Tip: Perform both stretches symmetrically and in a controlled way.


5. Tenodesis (coordinated wrist-finger movement)

Goal: Preserve the natural, coordinated movement of the wrist and fingers.

How to do it:

  1. ·Support your elbow and let your wrist move freely.
  2. ·As you bend the wrist back, allow your fingers to close slightly and naturally.
  3. ·As you bend the wrist forward (toward the palm), allow your fingers to open.
  4. ·Repeat this open-and-close motion at a gentle, even rhythm.

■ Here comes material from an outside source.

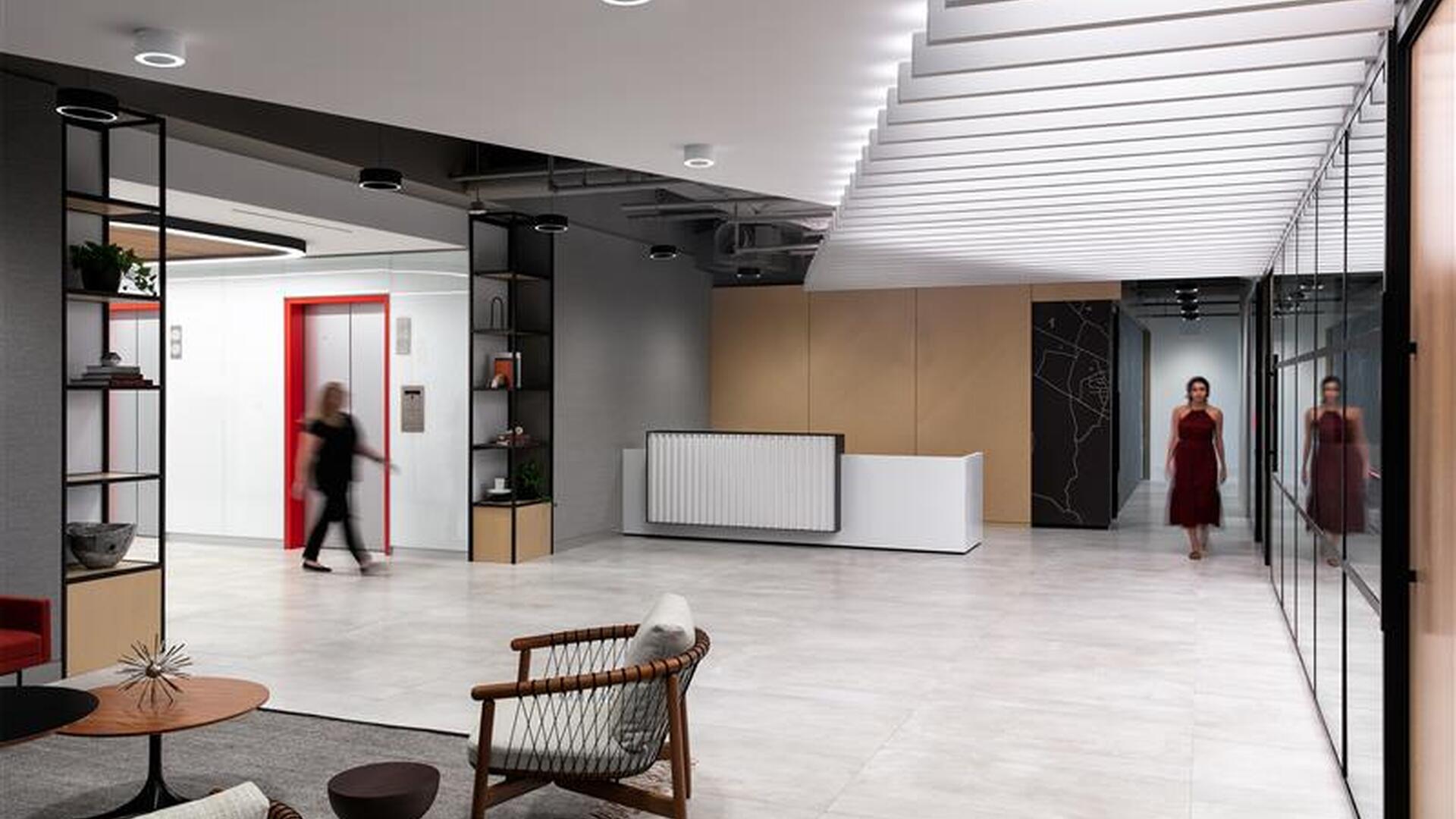 Every detail is carefully and thoughtfully selected. The black powder coat finishes complement the black marble wall as well as the shelves to the side, while the wooden doors match the wall behind the reception as well as the base of the shelves. The grey and earth tones of the furniture bring about an aesthetic balance to the space. The reflective quality of these glazed walls brings a silvery, minimal touch to this hallway.

Tip: This is a mobility drill rather than a stretch, so perform it without forcing.


If you find it hard to do the exercises alone at home, or you are recovering after surgery, the support of a physical therapist is valuable for learning the movements correctly and progressing safely. For a structured home program, you can explore our home-based orthopedic rehabilitation service.

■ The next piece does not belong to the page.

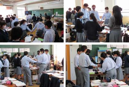 2年3組の理科の授業では、グループ内で手をつないで順番に握った手に力を入れて伝達をしていき、ストップウォッチを持った最後の人が到達時間を測り、その反応時間の短さを競うという実験を通して、運動神経と感覚神経について学習しました。

What else helps besides exercise?

Exercises work best as part of a whole approach rather than on their own:

  • ·Night splint: A splint that keeps the wrist neutral is one of the first-line options in the initial treatment of CTS and is particularly helpful for night-time symptoms [3].
  • ·Activity modification: Reducing the repetitive movements that trigger symptoms, keeping the wrist neutral while working, and taking frequent breaks can help [1].
  • ·Hand therapist support: Referral to a trained hand therapist may be useful for techniques such as carpal bone mobilization and nerve-and-tendon gliding exercises [3].
  • ·Physician review: If symptoms persist despite a splint and exercise, see your doctor to discuss options such as a corticosteroid injection or further evaluation [3].

Note that oral medications and diuretics have been reported to be ineffective for treating CTS [3], so a "take a painkiller and wait" approach is often not enough.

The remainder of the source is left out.